Please let me know how can I leave the regrets behind? How can I leave my habit to masturbate? How can I control my mind? The guilt that I affected her life tears me apart. Although, by the end of this e-mail, I somehow feel I know the answer within, still I wish someone to tell it to me.

Answer:

I hope you understand that I teach solely from a Christian viewpoint. I gather you practice Hinduism. I am not certain whether your second girlfriend was also a Hindu or a Christian because I notice that you mix in Christian terms in your note.

You mention physical intimacy, a very broad term, without clarifying what you did, beyond saying that it did not reach the point of sexual intercourse. You also mentioned that you had trouble controlling your anger and that somehow contributed to your breakup along with your constant pushing to go further sexually with her. This vagueness makes it a bit difficult to know where to start.

I gather it isn’t just that you are involved in masturbation, but that you use pornography from the Internet to get yourself stirred up so you can masturbate. Pornography is a problem because, at its root, it is physical lust for sex outside of marriage. “For this is the will of God, your sanctification: that you should abstain from sexual immorality; that each of you should know how to possess his own vessel in sanctification and honor, not in passion of lust, like the Gentiles who do not know God” (I Thessalonians 4:3-5). I would like you to read through Lies Pornography Tells Men.

It is because you constantly are feeding your mind with trash that you are having a hard time controlling your thoughts. I have a degree in computer science and the standard line is: garbage in, garbage out. You can’t get good out of evil. “And why not say, “Let us do evil that good may come”? –as we are slanderously reported and as some affirm that we say. Their condemnation is just” (Romans 3:8). This is also the reason you have had a hard time behaving properly with your girlfriends. You kept trying to act out the trash that you filled your mind with.

While memories can’t be erased, they can fade if they are not emphasized and feed. Therefore, I would like you to commit to no longer watching pornography.

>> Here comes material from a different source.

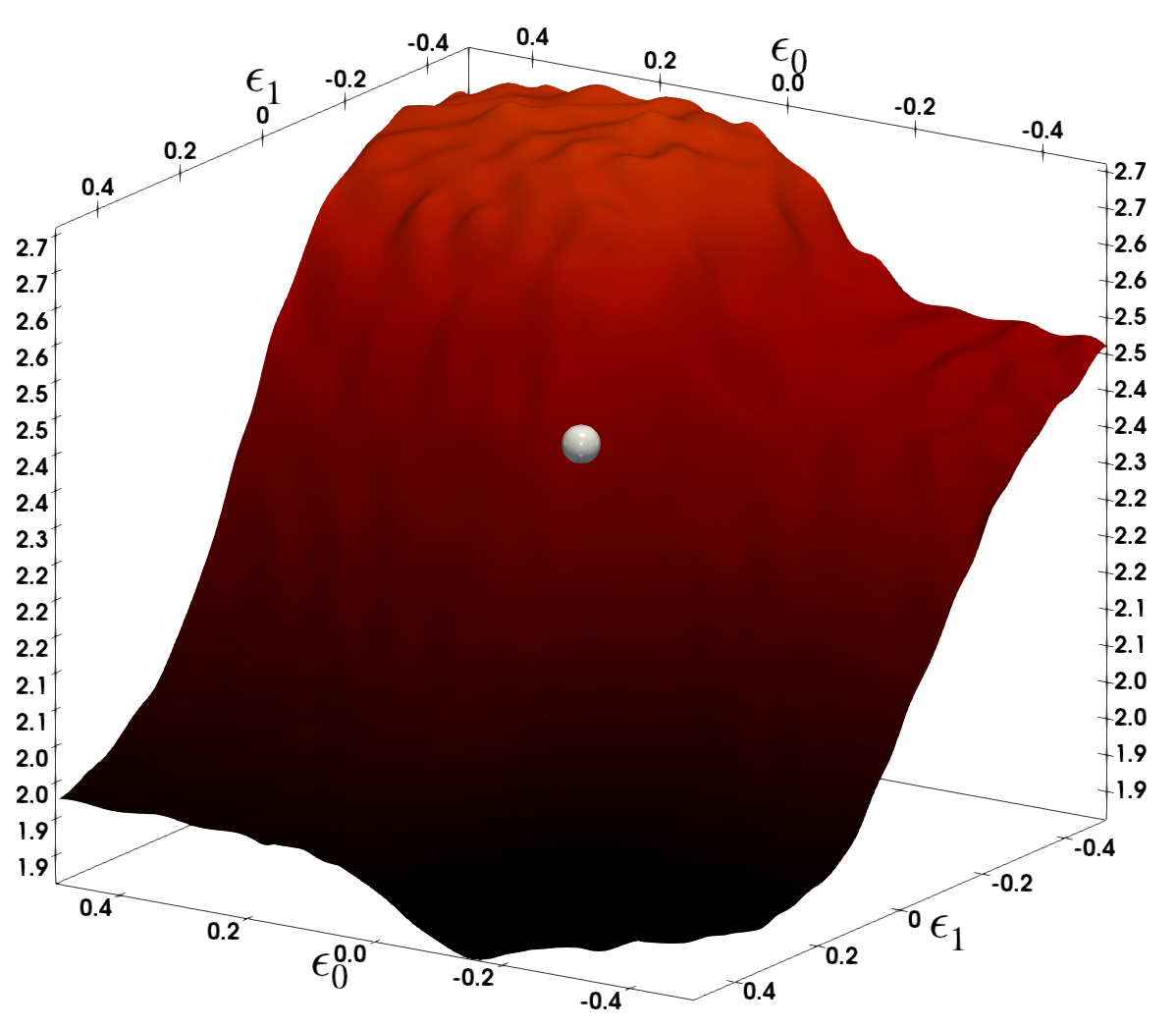 그림 6: SST-2의 다양한 레이어에 대한 손실 지형은 Hessian의 첫 두 주요 고유벡터를 따라 파라미터를 변동시키면서 시각화했습니다. 은색 구체는 BERT 모델이 수렴한 파라미터 공간의 지점을 나타냅니다.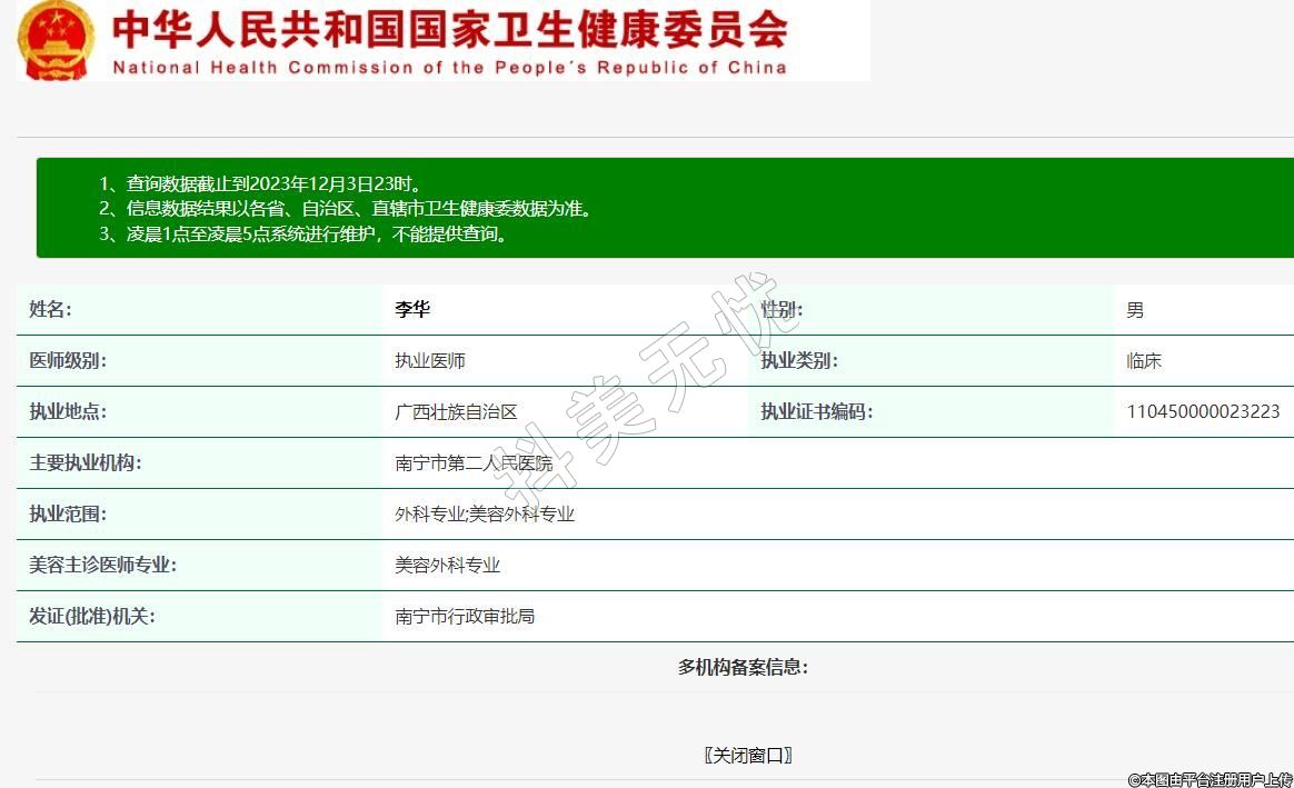 执业范围:外科专业;美容外科专业

From a biblical viewpoint, masturbating is neither good nor bad by itself, but it can very easily be used in a bad way. (See Is masturbation sinful or not?) Not only did you use it as an excuse to drown yourself in lust, but you are using orgasm as a self-induced drug to escape the realities of life. When you quit porn, you are going to find it harder to masturbate as often as you have been doing. While it will be annoying, it is the right direction to go.

What I suspect you are doing is what most guys try and fail to do: completely stop ejaculating. What ends up happening is semen builds up in your body. As it does, your desire for sex escalates until you do ejaculate. Your description is of a guy who has gone too long without ejaculating.

Question:

Thank you for the response. Yes, I know you teach solely from a Christian’s viewpoint. What I have observed with time is, that in all religions the core values are astonishingly similar. God is one with different names.

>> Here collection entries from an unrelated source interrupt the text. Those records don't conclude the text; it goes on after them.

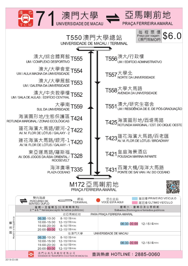 為提升巴士服務、進一步便利澳門大學師生出行,3月9日(周六)首班車起,71路線巴士往澳門大學方向由原線駛至“蓮花海濱大馬路/銀河-2”站後,新增停靠“海濱圓形地/生態保護區”站,而往亞馬喇前地方向則由原線駛至“澳大/研究生宿舍”站後新增停靠“海濱圓形地/西堤馬路”站。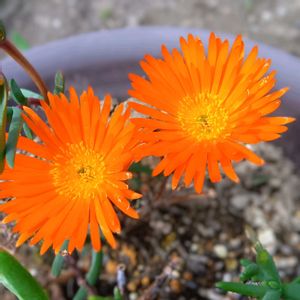 冬越ししていたマツバギクが鮮やかに咲き始めました🧡🧡 2️⃣寄せ植えのラナンキュラスももう4輪目🧡 3️⃣フリージアもやっとお目覚め🧡 4️⃣摘み菜にもお花が🧡 5️⃣可愛いからと放置の雑草オオキバナカタバミ🧡 🏷️日曜ビタミンカラー♪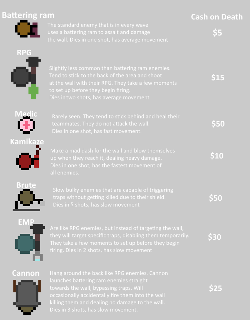 Enemies would come in from the top of the screen, and depending on what type of enemy they are, would either walk straight towards the wall to damage it, or hang back and destroy the wall from afar using their weapons.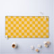 A vibrant orange and beige checkerboard pattern with alternating bright and muted squares, creating a lively and symmetrical design with a warm, energetic tone.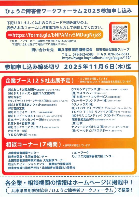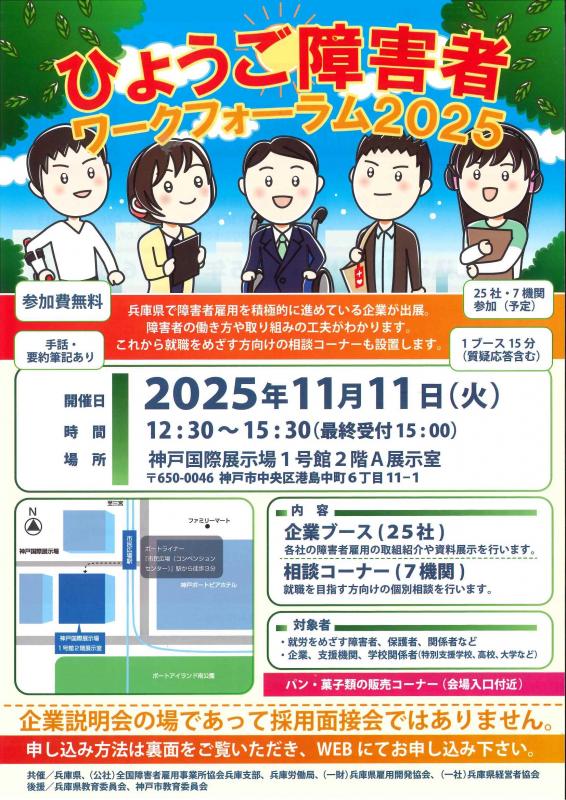 兵庫県では、就労をめざす障害のある方や、障害のある方の雇用を進めたい企業が様々な兵庫県の障害者雇用先進企業と出会い、企業の取組や方針を知ることで、より良い就労や雇用の促進に役立てていただけるよう、「ひょうご障害者ワークフォラム2025」を開催します。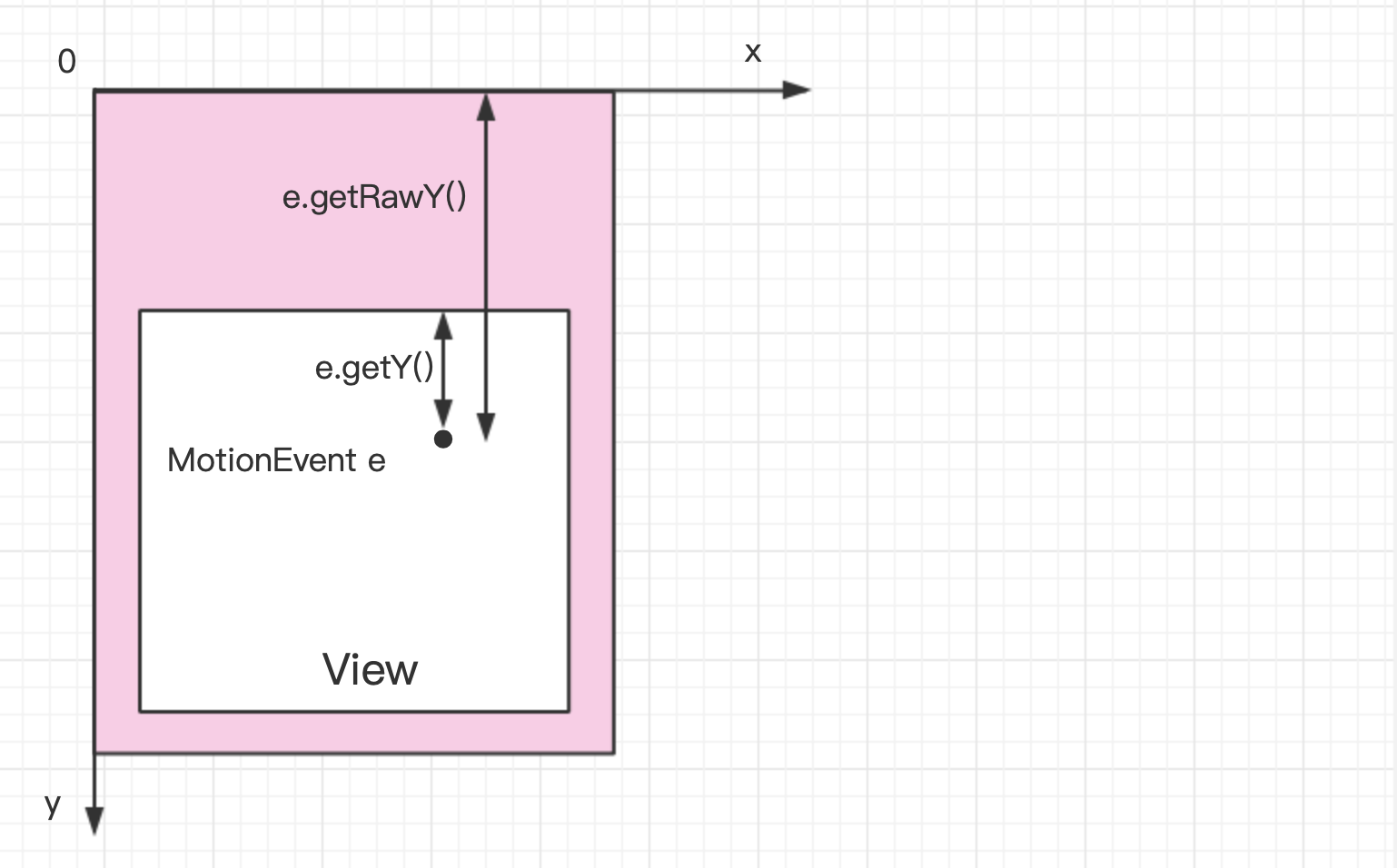 Android的坐标系定义为:屏幕的左上角为坐标原点,向右为x轴增大方向,向下为y轴增大方向,具体如下图: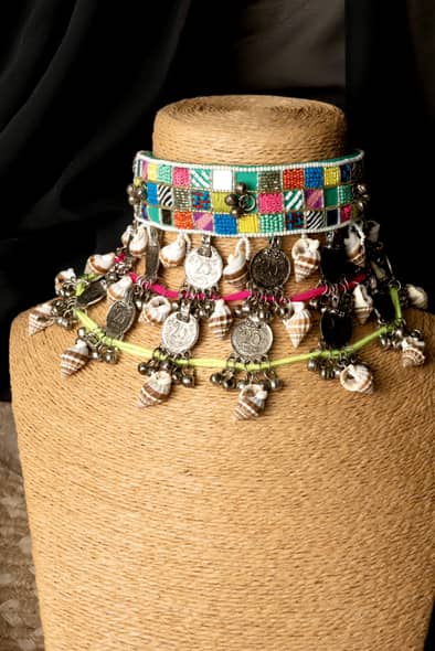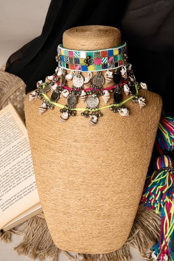 Marine is handcrafted choker embellished with metal coins and sea shells which adds complete bohemian look with vacation jewellery vibes with its popping colours for summer .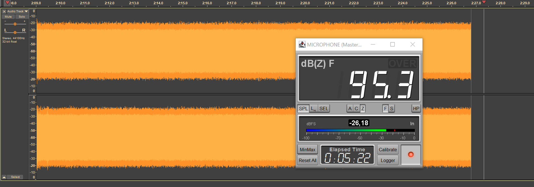 Безопасным уровнем звукового давления при прослушивании музыки в наушниках считается 75 дБ, но на практике большинство слушателей предпочитает уровень 90-100 дБ. Мы транслируем в наушники белый шум, фиксируя уровень SPL в районе 95 дБ, сразу после старта воспроизведения запускаем запись сигнала с измерительного стенда — по длине получившегося трека легко понять, сколько проработало устройство.
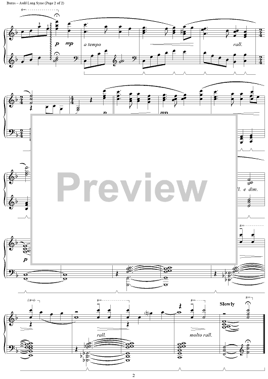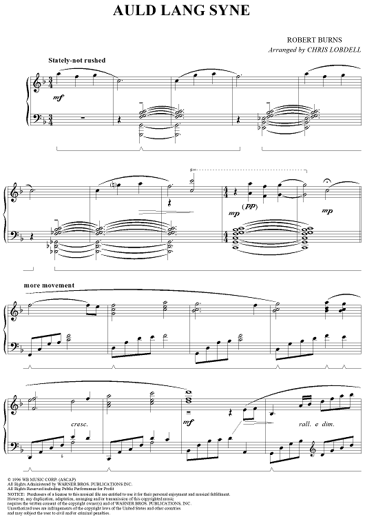 Digital Sheet Music for Auld Lang Syne by Robert Burns, Chris Lobdell scored for Piano Solo; id:273941

I apologize for the lack of clarity in my previous e-mail. It wasn’t that I loved my girl any less.

I have started to follow your advice. I have decided not to watch porn. Yes, it is a well-said fact: “Garbage in, garbage out.”

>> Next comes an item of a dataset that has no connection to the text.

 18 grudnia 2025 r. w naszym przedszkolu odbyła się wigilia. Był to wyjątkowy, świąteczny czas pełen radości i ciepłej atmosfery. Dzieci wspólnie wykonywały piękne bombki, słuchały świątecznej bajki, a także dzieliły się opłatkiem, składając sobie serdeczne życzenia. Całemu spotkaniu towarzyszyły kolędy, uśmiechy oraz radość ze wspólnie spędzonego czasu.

Emotionally, I was not able to support my own self. I do ejaculate while trying to release my sexual urges. At most, right now I am able to pull 2-3 days without masturbating. I will keep you posted on my progress on the same.

It is people like you who are making society a better place to live in. Thank you for being so kind and helpful to me. Thank you very much!

Answer:

Rather than pushing your limits, back off a bit so you can establish a pattern of self-control. If three days leave you struggling to control your thoughts, then purposely ejaculate every two days for a while.

In regards to religion, I see the situation slightly differently. It appears to me that mankind knew the one true God, but as time passed, they strayed in different directions. There are many similarities because of the common beginning, but without the drive to return to the source, they’ve lost touch with the truth.